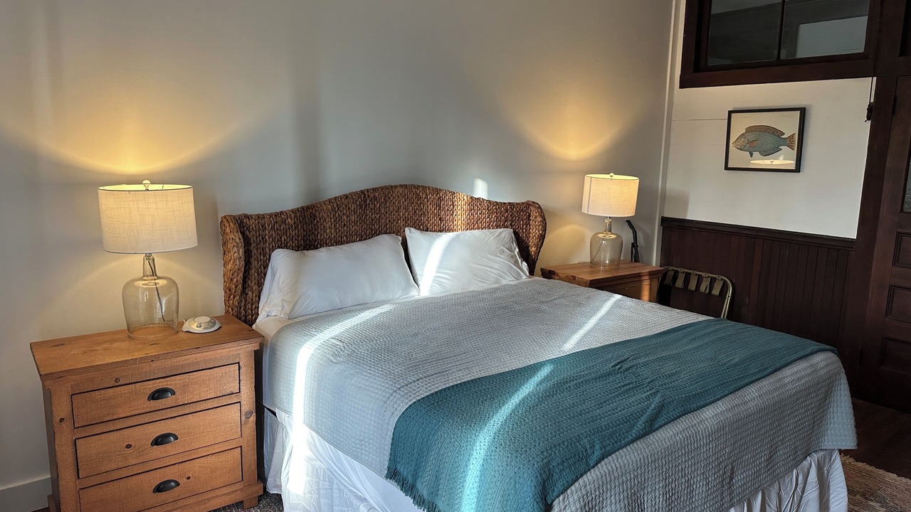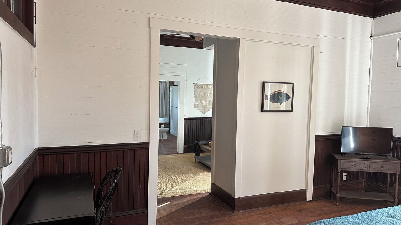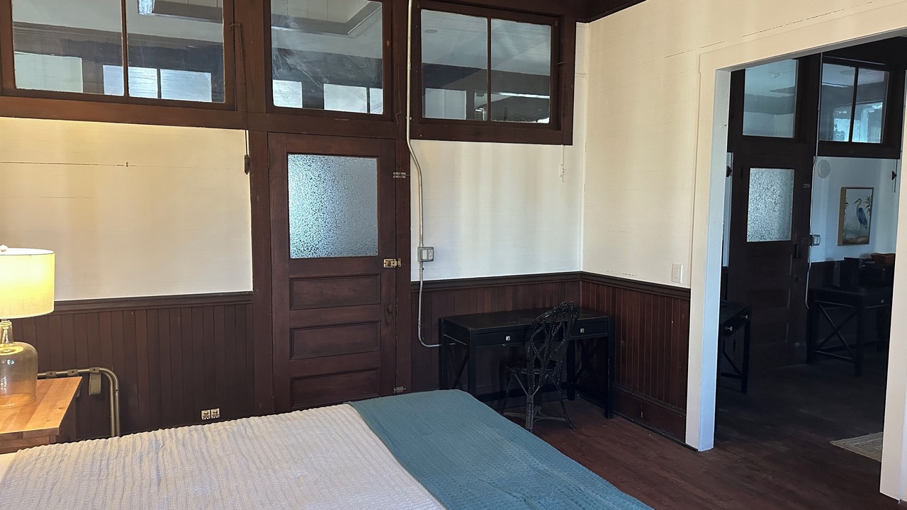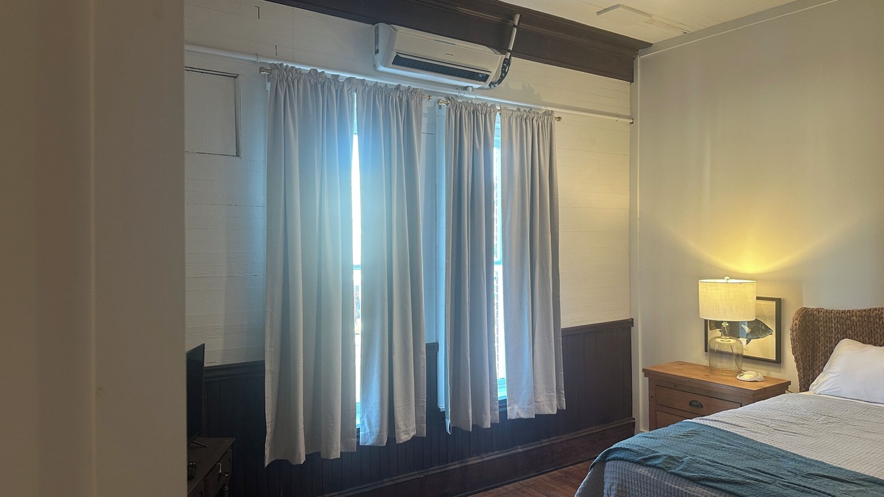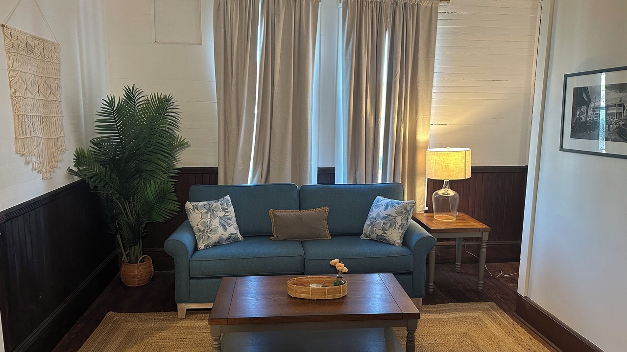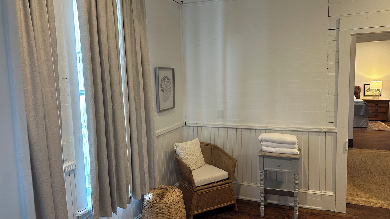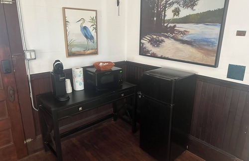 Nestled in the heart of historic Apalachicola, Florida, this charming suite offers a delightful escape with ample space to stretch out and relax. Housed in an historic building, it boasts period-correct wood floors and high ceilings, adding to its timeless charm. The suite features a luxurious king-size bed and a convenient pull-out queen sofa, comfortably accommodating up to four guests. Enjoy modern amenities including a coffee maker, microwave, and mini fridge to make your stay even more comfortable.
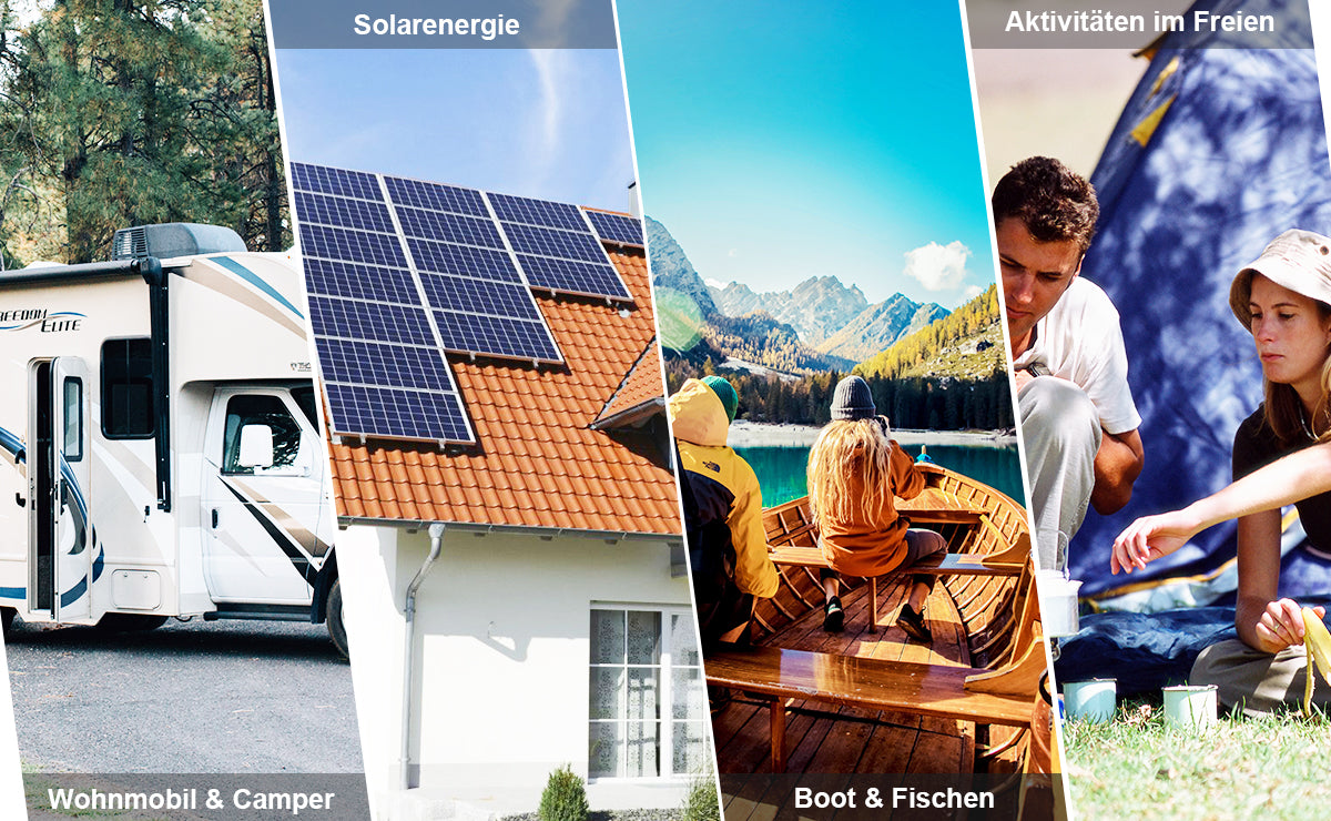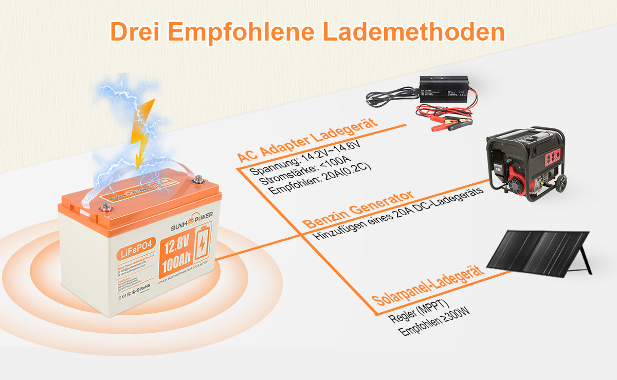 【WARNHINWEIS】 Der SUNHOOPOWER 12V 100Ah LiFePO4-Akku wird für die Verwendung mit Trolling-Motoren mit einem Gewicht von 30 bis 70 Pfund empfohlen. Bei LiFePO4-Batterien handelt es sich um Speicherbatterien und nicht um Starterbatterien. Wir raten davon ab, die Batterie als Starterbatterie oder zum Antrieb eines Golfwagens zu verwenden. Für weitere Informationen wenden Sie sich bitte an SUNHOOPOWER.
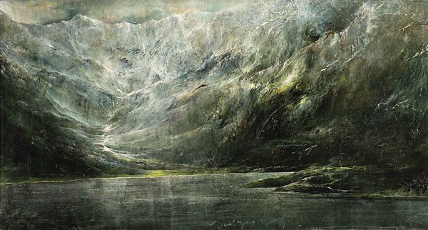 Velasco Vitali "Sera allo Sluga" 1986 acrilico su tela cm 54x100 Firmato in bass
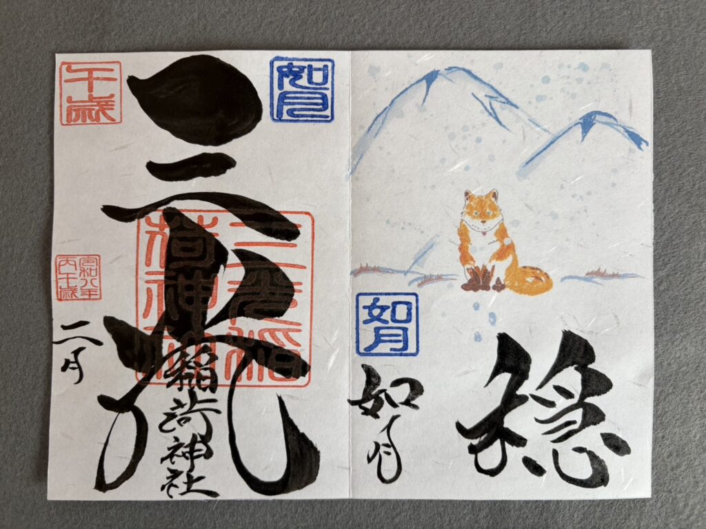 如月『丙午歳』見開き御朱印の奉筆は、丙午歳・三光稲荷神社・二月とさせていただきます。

* * *

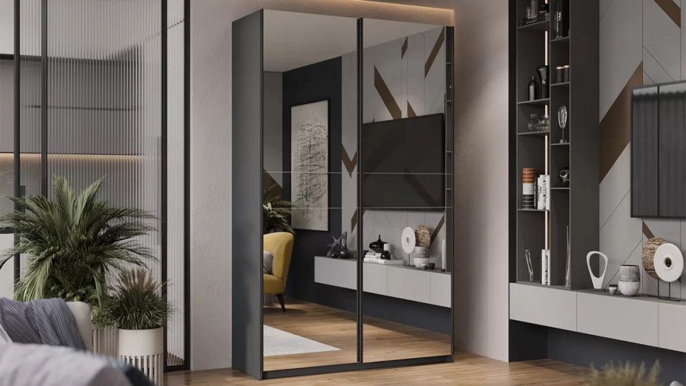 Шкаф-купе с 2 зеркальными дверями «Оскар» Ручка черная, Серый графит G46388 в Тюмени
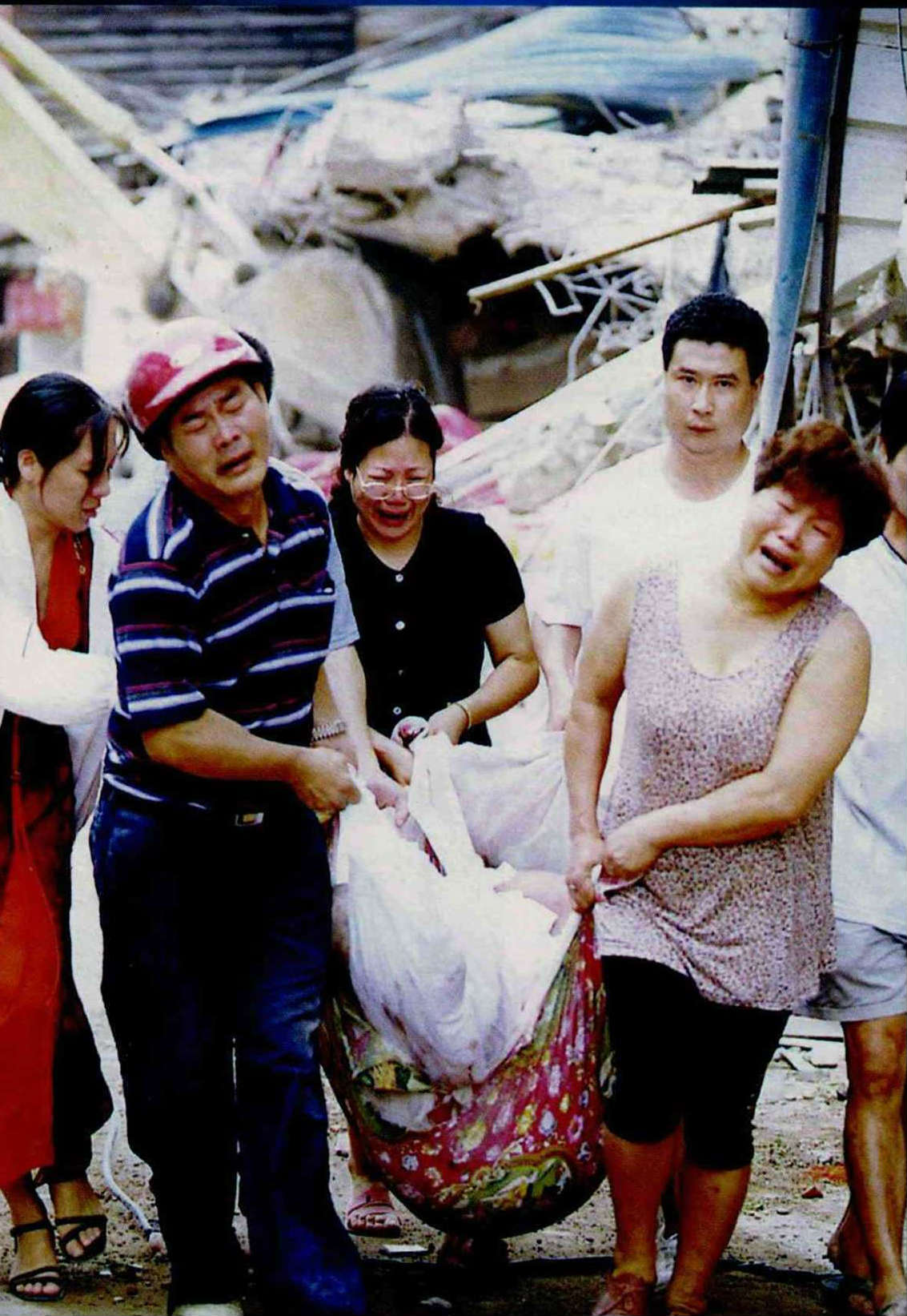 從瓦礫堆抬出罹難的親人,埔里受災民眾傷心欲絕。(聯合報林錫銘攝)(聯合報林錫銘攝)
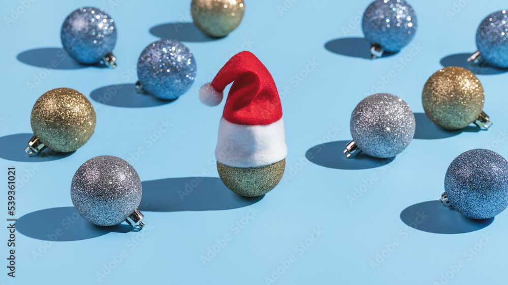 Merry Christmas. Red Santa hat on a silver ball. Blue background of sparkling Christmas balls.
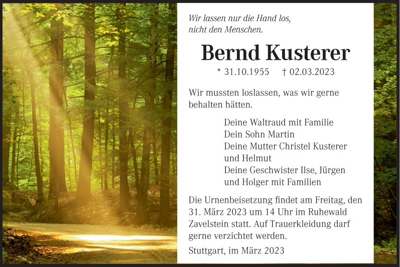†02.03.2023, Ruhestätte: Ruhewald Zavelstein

#### [Exercise]
Look above for the line containing "從瓦礫堆抬出罹難的親人,埔里", then write out every line from there down to the line containing "Ruhestätte: Ruhewald Zavelstein", that line included, with no pictures.

#### [Response below]
 從瓦礫堆抬出罹難的親人,埔里受災民眾傷心欲絕。(聯合報林錫銘攝)(聯合報林錫銘攝)
 Merry Christmas. Red Santa hat on a silver ball. Blue background of sparkling Christmas balls.
†02.03.2023, Ruhestätte: Ruhewald Zavelstein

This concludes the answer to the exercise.